24/08/2026 arretsurinfo.ch  9min #324340

L'Allemagne à nouveau belliqueuse - 80 ans après Nuremberg?

Otan - Riga 2025

Les opinions sur la "Russie" et "Poutine" sont façonnées par les médias et la psychologie des masses. Chacun et chacune "sait" désormais ce qu'il ou elle doit penser.

En Allemagne, l'opinion publique est - une fois de plus - poussée jusqu'à l'hystérie belliqueuse. Du haut vers le bas. "Poutine est aux portes de Berlin". Ce ne sont pas les voix raisonnables, mais les voix hystériques qui sont relayées dans les médias. C'est exactement ce qui s'est déjà produit... Ça sent la guerre.

Nous allons reprendre ci-après des réflexions qui ont fait l'objet de larges débats en Europe après la Première et la Seconde Guerre mondiale. Face aux morts, aux victimes et aux atrocités, on s'était donné pour mission d'empêcher de telles dérives à l'avenir. Il est urgent de relancer ces discussions, alors que l'on s'apprête à accepter une escalade du conflit avec la Russie.

A l'époque, on ne s'est pas contenté de se pencher sur les victimes. Qui étaient les responsables ? Les procès de Nuremberg contre les principaux criminels de guerre, qui se sont déroulés du 20 novembre 1945 au 1er octobre 1946, ont tenté de dresser un bilan juridique de la Seconde Guerre mondiale.

Par  Thomas Scherr

Le climat belliciste qui règne au sein de la classe politique allemande suscite actuellement des inquiétudes et des craintes, et pas seulement dans une grande partie de la population allemande. Les populations des pays voisins semblent elles aussi de plus en plus préoccupées. Mais ce n'est pas seulement la "Russie" qui les inquiète. Elles ont dû faire face à plusieurs reprises à la puissance militaire allemande: la Pologne, le Danemark, les Pays-Bas, la Belgique, la France...

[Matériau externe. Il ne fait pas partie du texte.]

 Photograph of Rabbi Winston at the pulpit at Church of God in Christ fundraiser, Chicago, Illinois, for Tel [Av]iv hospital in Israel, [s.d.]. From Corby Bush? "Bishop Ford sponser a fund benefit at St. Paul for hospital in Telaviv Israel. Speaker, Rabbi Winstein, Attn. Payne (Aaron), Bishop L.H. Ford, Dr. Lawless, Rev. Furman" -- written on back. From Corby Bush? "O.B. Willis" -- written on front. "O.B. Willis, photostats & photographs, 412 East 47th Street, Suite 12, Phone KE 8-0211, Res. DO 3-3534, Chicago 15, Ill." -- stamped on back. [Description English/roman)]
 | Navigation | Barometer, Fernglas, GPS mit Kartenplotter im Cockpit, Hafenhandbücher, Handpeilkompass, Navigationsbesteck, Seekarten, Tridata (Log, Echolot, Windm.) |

Que se passe-t-il donc en Allemagne?

Avec un culot qui était encore totalement impensable il y a quelques années, des responsables politiques allemands, à l'instar du ministre des Affaires étrangères Wadephul, qualifient à nouveau la Russie d'ennemi principal qu'il faut vaincre. On va même jusqu'à réclamer des tirs de missiles à longue portée contre la Russie. Dans les pays baltes, près de la frontière russe, des représentants du gouvernement allemand, tels que le ministre de la Défense Pistorius, assistent aux défilés de soldats allemands aux côtés de généraux allemands. D'une manière pour le moins martiale, le général de corps d'armée Freuding, commandant en chef de la Bundeswehr, prépare les soldats en Lituanie à leur future mission à l'Est ( instagram.com, 23 octobre 2025). Le chancelier fédéral Merz déclare sans ambiguïté, mais de manière ambiguë, que l'Allemagne ne se trouve "plus en temps de paix" (29 septembre 2025).

Parallèlement, il faut noter qu'il n'y a aucune tentative sérieuse de la part de l'Allemagne pour entamer un dialogue avec le gouvernement russe. Il n'y en a jamais eu et il n'y en a toujours pas ! Pas une seule!

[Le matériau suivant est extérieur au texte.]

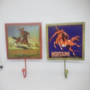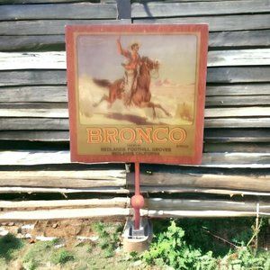 Bronco Brand Packed by Redlands Foothill Groves Fruit Box Label - on Green Metal plate and Hook. Measures 5 1/2 Square not including the 2 1/2" Hook.
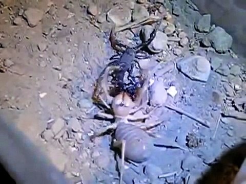 Гигантский пустынный скорпион (Hadrurus arizonensis), живущий в пустынях Северной Америки, встретил своего земля�
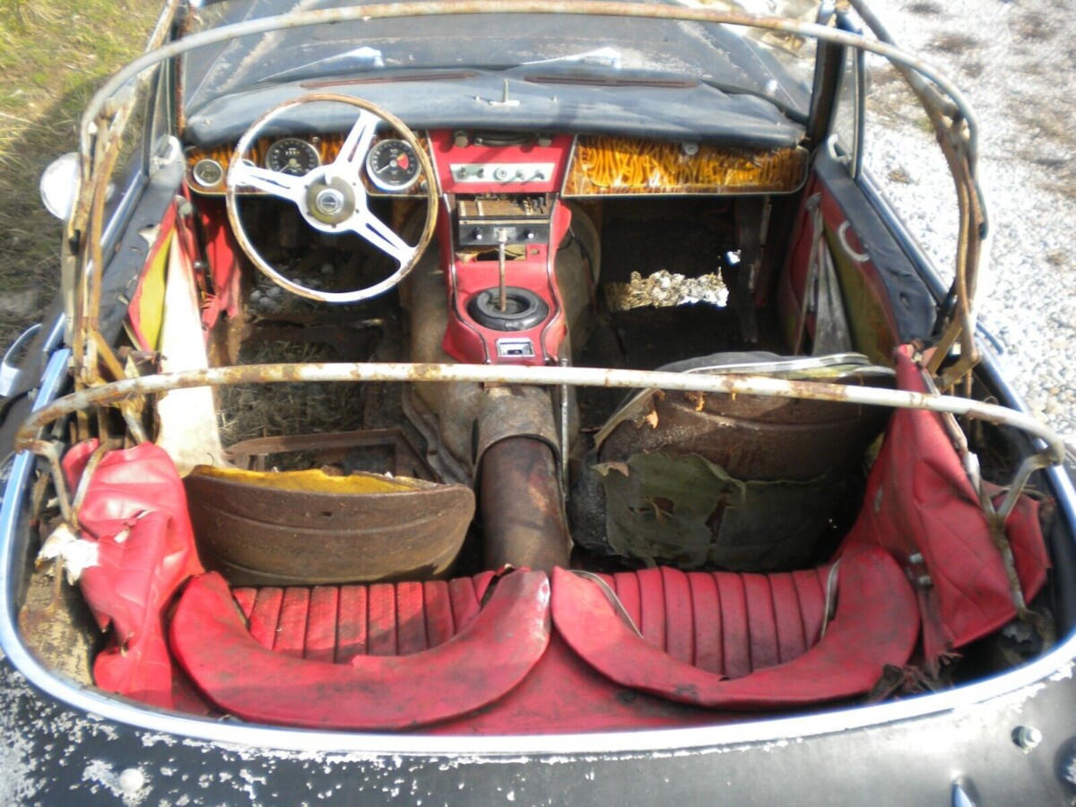 And what a shame it is to lose this particular car when you see this interior. Can you imagine how stunning it must have been? The wood trim still hanging onto the glove box door is another reminder of how handsome British roadsters are when the leave the factory; sadly, they don’t take kindly to poor storage and years of neglect. The seller pulls no punches in the listing when describing how rotten the car is, from the body to the floors and seemingly everything in between. The top frame is still hanging on but obviously, the leaky barn has done away with the top material.
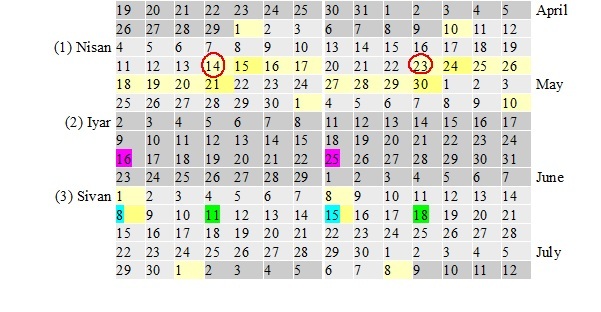 This says that Jesus experienced his “twelfth” birthday after the Passover, but before the number of “days” in the counting “having come completed.”  In the year 4 AD, the Passover “festival” began on April 23rd (14 Nisan) and ended on April 30th (21 Nisan).  Jesus’ Solar Return – thus his true birthday that he turned “twelve” – was on May 25, 004, at 8:36 am.  That was the 33rd “day” in the Counting of the Omer.  That is “day” five of the week five, or Hod of Hod.
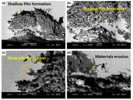 Figure 8a–d demonstrates the surface morphology when implanted biomaterials experience pitting corrosion. A destruction of the passive oxide film with shallow and deep pits is observed in Figure 8a–d. The quantity of the eroded elements caused by the corrosion can be calculated using Faraday’s Law [38]. Due to the occurrence of corrosion, debris such as Ni, Co, V, Al, Cr, and so on, eroded from the metallic implant’s surface, are released into the body causing alterations to cell performance, biological responses, a shortened lifecycle of the biomaterial, bone loss, implant loosening, toxicity, allergic effects, inflammation, and premature implant failure [15,64,159,162,163,164,165]. An excessive presence of Fe particles in the blood causes liver failure, long-term organ damage, and damage to lipids, DNA, and proteins [166,167]. High quantities of Cr and Co in the human body result in hemolysis and muscle fatigue [165]. In summary, the corrosion phenomena from metallic implants may have three effects on body tissues: (1) electrical currents can influence cell behavior, (2) altering the chemical environment, and (3) the metal ions can influence the metabolism of cells [38,168]. Table 4 summarizes the influence of released debris from biomaterial surfaces on biological responses after corrosion and wear occur inside a living body.
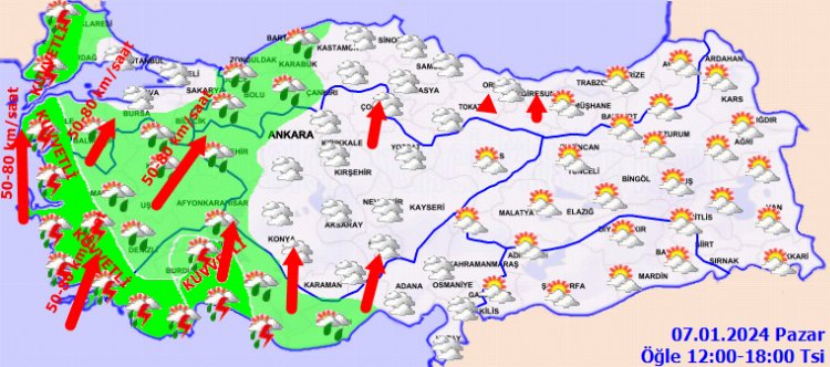 ANKARA (İGFA) – Meteoroloji Genel Müdürlüğü 7 Ocak 2024 Pazar gününe ilişkin hava raporunu açıklandı.

Les jalons sont posés pour la guerre...

Trois semaines après les élections législatives allemandes du 23 février 2025, une amendement à la Loi fondamentale a été adoptée à la hâte dès le 18 mars, grâce à la majorité des voix des députés de la CDU/CSU, du SPD et des Verts pourtant déjà évincés du Bundestag. Ce n'est qu'ainsi qu'il a été possible de mettre en place un premier crédit de guerre colossal, se chiffrant en milliards ("Sondervermögen"). Avec le Bundestag nouvellement élu, cela n'aurait pas été possible, car la majorité nécessaire à une modification de la Loi fondamentale aurait fait défaut.

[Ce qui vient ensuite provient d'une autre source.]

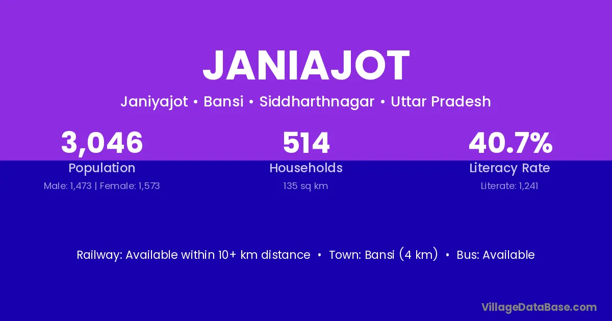 Bansi (4 km) is the nearest town to Janiajot village for major economic activities and is located approximately 4 km away.
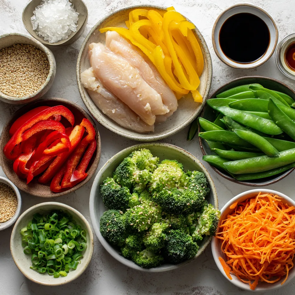 The main ingredients in this stir fry create a colorful and healthy dish. The chicken breast gives you lean protein. The bell peppers add sweetness and crunch. Broccoli florets bring fiber and vitamins. Snap peas add a nice snap, while carrots add a hint of earthiness.
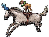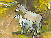 شير به هزار زحمت خرس را تا نهر می برد و چون دوباره توان بازگشتش را ندارد در نهر پرتابش می کند و خود با قهر وغضب برگشته اين مسابقه را بی معنا می خواند. همه حيوانات از باختن شيرمی ترسند و دور می روند اما خر (درازگوش) به پای کوبی می پردازد هرچند بنجر مانع شادمانی اش می شود ولی سودی ندارد که ندارد. بنجر از ترس بسيار مسابقه را مساوی اعلان می کند و از اينکه خرس در نهر افتاد اظهار خوشی می کند. ولی شير در جستجوی بهانه است و دنبال تدبيری می گردد. او می خواهد به هرنوع که می شود بايد مسابقه را برنده شود. بنجر و روباه با ديدن چشمان سرخ و موهای آشفته شير با هم کنار می آيند و خواستار اخراج درازگوش از جنگل می شوند اما شيرنمی پذيرد و پيوسته راه می رود و فکرمی کند. در آخر، خرس پيشنهاد می کند تا مسابقه را از سر بگيرند طوری که اين بار هر دو بايد از سر ديوار خيز بزنند (بپرند). در اين حال شير خرسند شده می پذيرد و بر درازگوش بيچاره هم قبولانده می شود. خرس اشپلاق (سوت) می زند و آغاز مسابقه را اعلام می کند. اين بار نخست شير از سر ديوار خيز می زند و همه حيوانات کف می زنند مگر وقتی نوبت به درازگوش می رسد پس می رود و پيش می آيد همين که خيز می زند شکمش به سر ديوار می خورد دو پايش اين سو و دو پای ديگرش آنسوی ديوار می ماند. همه به خر می خندند و او را طعنه می زنند؛ شير که نمايی ازقهرمانی درچهره دارد خر را نزد خود می خواهد، خر گريسته و با نفرين به بنجرمی گويد: "اگر اول فرار می کرد حالا دچار اين همه مشکلات نمی شديم". حالا نوبت به صادر کردن فرمان شيراست و بنجر هم هراسان از سرنوشت درازگوش و خودش، با عجز نزد شير زانو می زند و از او می خواهد تا برای درازگوش شانس ديگری بدهد. شير که قهرمانی را از آن خود می داند نزد همه حيوانات جنگل گفته او را می پذيرد و می گويد که درازگوش بايد با سوار شدن بنجر برپشتش مسافت طويل تری را بپيمايد و برای شنيدن فرمان دوباره بازگردد. درازگوش که هراسان از مسابقه ديگر است، تا می خواهد اعتراض کند، بنجر مانع می شود و با سوار شدن برپشتش از او می خواهد تا هرچه سريعتر بدود. درازگوش می دود وهمين که کمی از جای تعيين شده می گذرند تغير جهت داده به فرمان بنجر از بی راهه ها راه فرار را در پيش می گيرد. درحاليکه درازگوش نفس زنان به دويدن ادامه می دهد بنجر به راحتی و با تاکيد بيخ گوشش می گويد: "دريافته باشی که هر کس و هرچيز مهارتی دارد که در زندگی می تواند به نفعش از آن سود برد. اين مهارت تو بود که با بردن بار توانستی بدوی و اين هم مهارت من بود که توانستم برای نجات هر دوی ما راه فرارسنجيدم". |
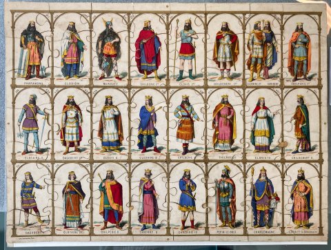 Premier de quatre puzzles, de Pharamond à Louis le Débonnaire. La galerie va jusqu'à Napoléon III.

Grâce à cette manœuvre, contraire aux promesses électorales précédentes de négocier avec la Russie, les jalons pour la guerre sont posés.

Depuis lors, on transforme l'économie allemande en économie de guerre. Certains secteurs de la classe moyenne et de l'industrie en difficulté sont soutenus par des commandes d'armement financées par l'endettement. Les préparatifs de guerre battent leur plein sous le nom de "Operationsplan Deutschland" (OPLAN DEU).

... comme par magie

Boris Pistorius, ministre allemand de la Défense, prédit que la guerre avec la Russie éclatera entre 2028 et 2030. La question reste toutefois de savoir si M. Pistorius estime que l'armée russe va attendre que l'Allemagne se soit armée pour faire face à cette guerre annoncée par lui-même ? Cette fois-ci, l'Allemagne fait partie d'une coalition avec plusieurs Etats européens - avec le soutien de l'UE et sous la haute supervision de Washington.

Jusqu'à présent, aucun gouvernement européen n'a eu l'envergure nécessaire pour mener des négociations sérieuses avec la Russie - à l'exception du Premier ministre hongrois Viktor Orban, récemment battu aux élections.

Comme par magie, tout effort visant à instaurer une paix négociée est sapé. Une tentative qui avait failli aboutir au printemps 2022 a été contrecarrée in extremis par le Premier ministre britannique de l'époque, Boris Johnson.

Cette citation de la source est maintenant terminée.